### WHAT YOU ARE ASKED TO DO:
Below, locate the line that contains "2025新款春季纯棉中袖上衣女五分袖韩版宽松半袖t恤女打底衫ins潮". Repeat exactly from that line to the line that contains "Ещё очень любит", inclusive, leaving out the pictures.

### SUPPLIED RECORDS:
• • • • • • •

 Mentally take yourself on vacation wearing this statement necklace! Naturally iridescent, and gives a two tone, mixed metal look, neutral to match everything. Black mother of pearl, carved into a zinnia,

• • • • • • •

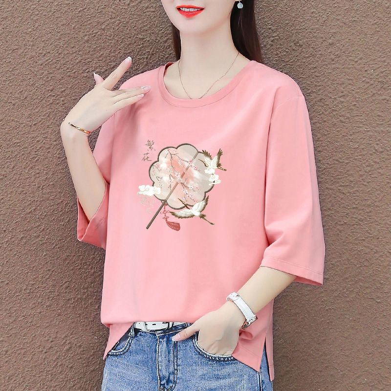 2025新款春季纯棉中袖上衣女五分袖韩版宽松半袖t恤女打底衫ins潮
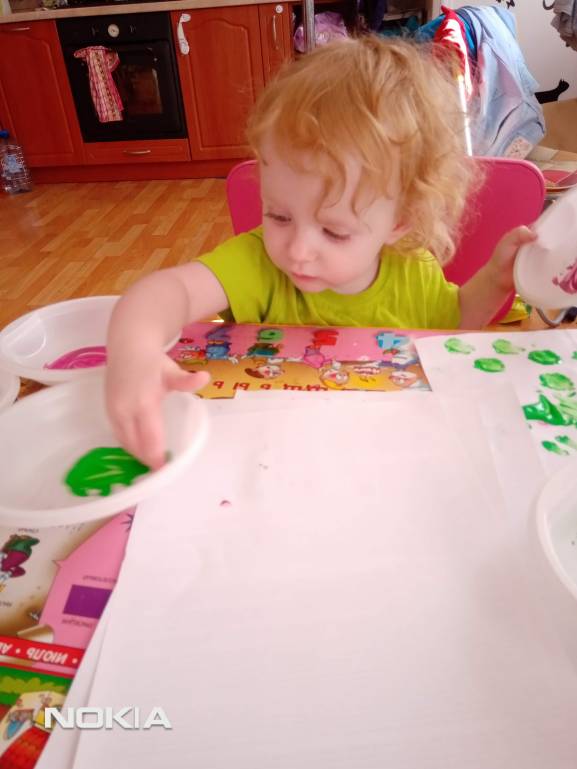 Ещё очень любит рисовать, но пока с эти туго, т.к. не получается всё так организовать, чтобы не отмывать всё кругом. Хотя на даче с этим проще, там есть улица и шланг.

• • • • • • •

### RESULT FOR THIS TASK:
 2025新款春季纯棉中袖上衣女五分袖韩版宽松半袖t恤女打底衫ins潮
 Ещё очень любит рисовать, но пока с эти туго, т.к. не получается всё так организовать, чтобы не отмывать всё кругом. Хотя на даче с этим проще, там есть улица и шланг.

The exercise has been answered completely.